Bottow line, we had to restart the "failed" instance of ACS (stopping & starting the adclient service didn't resolve the issue)... after the reboot..both instances of ACS started authenticating users & the problem went away...
So to date... for us...
Thanks for the update. Using your post as a checklist;
Are you saying that a reboot of both ACS servers will bring back the service? I have been told that upgrading to the latest patch (5) will resolve this issue.
I'll update with how I get on with my issue.
Ok, so this is now resolved for me. For some reason the AD accounts for both of the servers were disabled. These are now enabled and the users are authenticating ok.
The fact that the domain was reachable but showing as disconnected should have been the give away I suppose.
I'm still seeing these 11051 errors on one of my secondaries ... seems similar to what grnetcomss was seeing. I corrected the ntp and timezone issues, but one ACS appliance does not appear to be doing any successful authentications and only logging the 11051 errors in the RADIUS authentication log. Distributed System Management says its OK and replication status is "UPDATED". I tried reloading it, but made no difference. Has anyone else managed to get to the bottom of this??
Finally think I've sorted it: The secondary in question had become disconnected from AD. I had to unregister it from the primary, clear the AD config, reconnect it to AD, then factory default it (it maintains it's IP config so it's OK), re-enter the license, then re-associate it with the primary. Now it's all green :-).

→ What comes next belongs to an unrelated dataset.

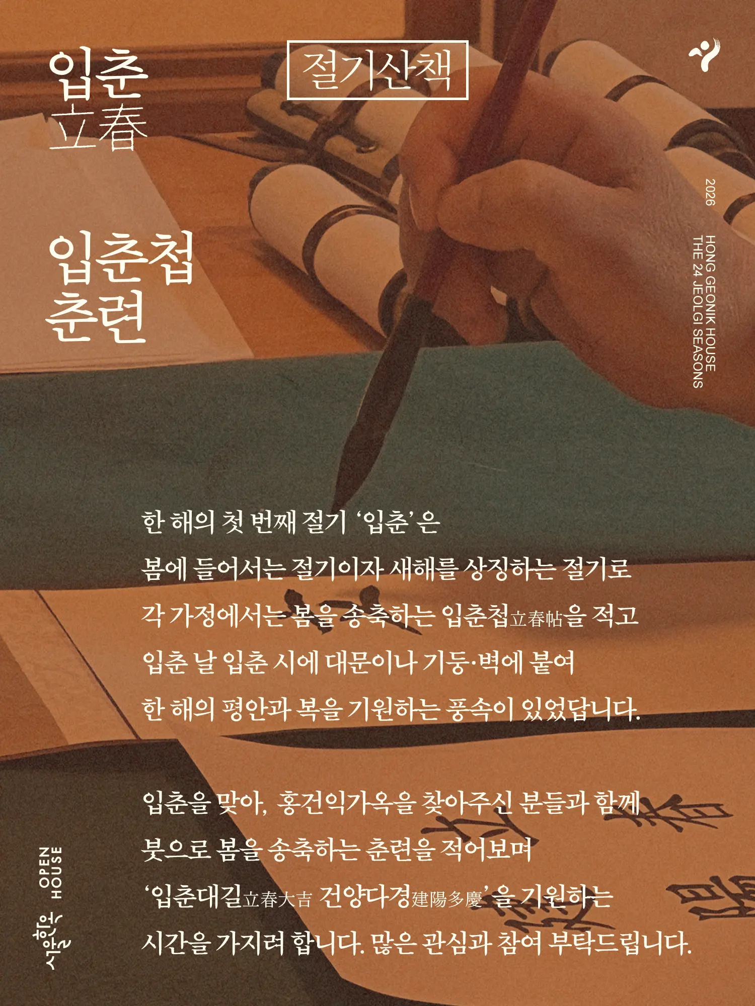 입춘을 맞아, 홍건익가옥을 찾아주신 분들과 함께 붓으로 봄을 송축하는 입춘첩을 편하게 적어보며 ‘입춘대길立春大吉 건양다경建陽多慶’을 기원하는 시간을 가지려 합니다.

I found that my clock had reset to UTC time and therefore was not communication with Active DIrectory
. Once I reset the clock and NTP server, everything worked again.
I also had this problem ... Found that a couple of the secondaries had wrong timezone and no NTP set. From the command line:
clock timezone Australia/Brisbane
You then need to restart ACS.
It's all good now ... Thanks for pointing me in the right direction :-)
Old thread but I'm going to go ahead and provide an update on what solved this issue for me in hopes that it will help someone out. I had a case on this issue with TAC for 4 days with no resolution. It turns out that the "server" service on one of my Windows Domain Controllers (2008 R2) was stopped. This server held the FSMO role of "PDC Emulator" so therefore authentications coming from my ACS server to AD failed. This was a difficult issue to find but none the less that is what solved it for me.